1.1 Definition of Microsystem, Vibrations and Dynamics

Microsystems or microelectromechanical systems (MEMS) are miniaturized devices with components measured in micrometers that perform micro- to nanometer scale electronic machine functions such as sensing and actuation. Typical microsystems have both mechanical and electrical parts, like read-write heads in computer storage devices, or bending cantilevers in atomic force microscopes [1–13].

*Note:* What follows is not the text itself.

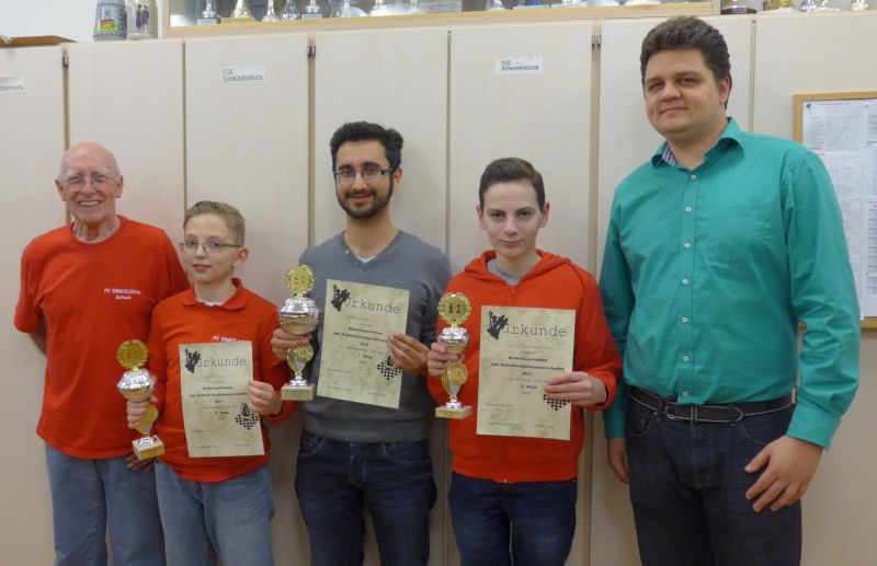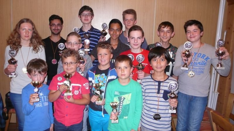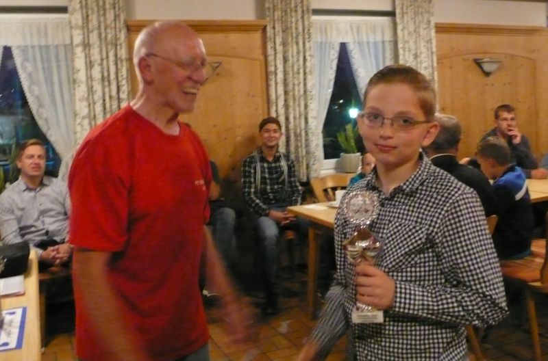 Der Versammlungsraum platzte aus allen Nähten, es mussten zusätzliche Stühle reingebracht werden, als Abteilungsleiter Eckart Dietl am Dienstagabend um 19:02 in den Ergoldinger Stuben die 37 Mitglieder (davon 23 Jugendliche und Kinder und deren Eltern) zur Mitgliederversammlung der Schachabteilung begrüßte. Unter ihnen auch der 1. Vorsitzende des FC Ergolding, Josef Loibl, und der Niederbayerische MIVIS-Referent, Franz Hufnagl, der wie immer extra aus Regensburg anreiste. Um die Jugendlichen und Kinder baldigst mit ihren Eltern entlassen zu können (weil Schule am nächsten Tag) startete wie immer Jugendleiter Helmut Gmeinwieser mit seinem Tätigkeitsbericht. In 25 Minuten ließ dieser nochmal die vielen tollen Ereignisse der vergangenen Saison Revue passieren. Die FCE-Schachjugend startete bei 16 Meisterschaften und insgesamt bei 48 Events, hier nur die wichtigsten: Henrik Fesl gewinnt das B-Open in Ortenburg; U12-Team wurde Neunter bei den Deutschen Vereins-Meisterschaften mit Sebastian Astner, Maria Kühne, Patrick Sowka und Felix Handschuh; U20-FC Ergolding2 Niederbayernligameister mit Daniel Lichtmannecker, Sebastian, Maria und Patrick; Niederbayerische Meister: U16 Christoph Fronhöfer, U14: Daniel und U12: Patrick; Bayerische Jugendmeisterschaften U12: Dritter Sebastian - U14w: Dritte Maria; Deutsche Jugendmeisterschaften U12: großartiger Sechster Sebastian; U14-Team Bayerischer Meister mit Sebastian, Daniel, Patrick und Maria; U12-Team Bayerischer Vizemeister mit Sebastian, Patrick, Felix und Simon Lichtinger; Bayerischer Meister U12-Blitz: Sebastian und als absoluter Höhepunkt: Europameisterschaft in Prag - 93. Sebastian, der damit zu den besten 100 Schachspielern seiner Altersklasse in Europa zählt. Anschließend führte Gmeinwieser die Siegerehrung der Jugend-Vereinsmeisterschaften durch, wobei die ersten Drei jeder Altersgruppe mit Pokalen, die restlichen der U8 bis U12 mit Urkunden ausgezeichnet wurden. Dabei bekam natürlich der Vereinsjugendmeister aller Klassen, Daniel Lichtmannecker, den größten Pokal. Danach wurden unsere zwölf besten Jugendlichen mit vier Gold-, drei Silber- und fünf Bronzemedaillen belohnt, die für erfolgreiche Teilnahmen bei den Bayerischen Meisterschaften vergeben werden. Gold bekam unser Bayerisches Meisterteam U14, Sebastian, Daniel, Patrick und Maria, Silber erhielten Cora Klinkenberg, Felix und Simon und Bronze gabs für Ronny Rahman, Henrik, Johann Kollmeder, Christoph und Jonas Hammerl. Danach wurde von Eckart Dietl und Spielleiter Anton Königl die Siegerehrung für die Vereinsmeisterschaften der Erwachsenen durchgeführt. Die Pokale gingen an Vereinsmeister Borys Bilyavskyy, Vladimir Simin und Markus Mock, Schnellschach: Simin, Ronald Kühne und Sebastian, Blitz: Simin, Erich Kreilinger und Daniel. Statt der drei Pokale bekam Vladimir einen Keramik-Springer. Nachdem um ca. 20 Uhr unsere Jugendlichen und Kinder mit ihren Eltern den Heimweg angetreten hatten, wurde die Lage überschaubar, denn nur noch 14 Erwachsene und drei Jugendliche verfolgten die weitere Versammlung.
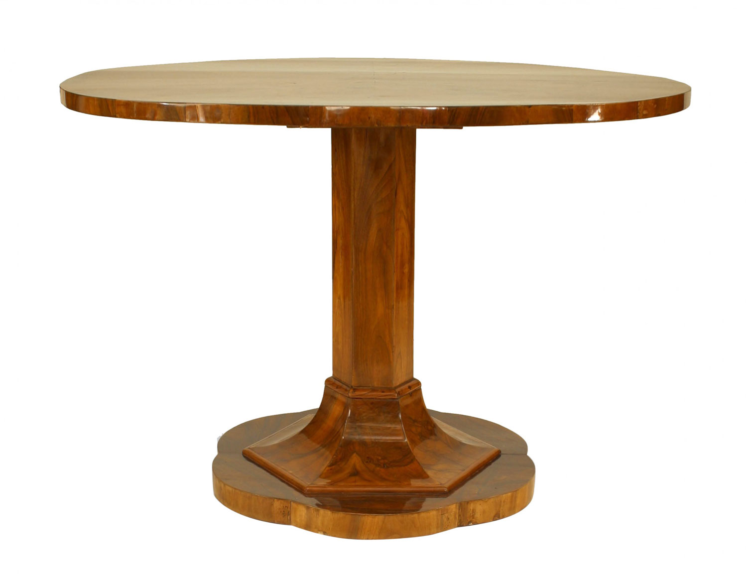 Austrian Biedermeier (circa 1820) round tilt top center table with walnut veneer on 6 sided pedestal base supported on scalloped platform. Finished under top..

Vibration studies the oscillatory motion of an object around an equilibrium point and the forces associated with it. The oscillations may be periodic or random. The associated forces may be linear or nonlinear. Vibration is usually detrimental, and occasionally “desirable” for engineering systems. Dynamics studies the movement of systems of interconnected bodies under the action of external forces. For rigid-body dynamics, the moving bodies are assumed to be rigid, which simplifies the analysis by reducing the parameters that describe the configuration of the system to the translation and rotation of reference frames attached to each body. The dynamics of a rigid body system are defined by its equations of motion, which are derived using either Newton–Euler equations or Lagrangian equations. The dynamics of a flexible body system or structural dynamics have general dynamical equations of motions, including stress and strain relations.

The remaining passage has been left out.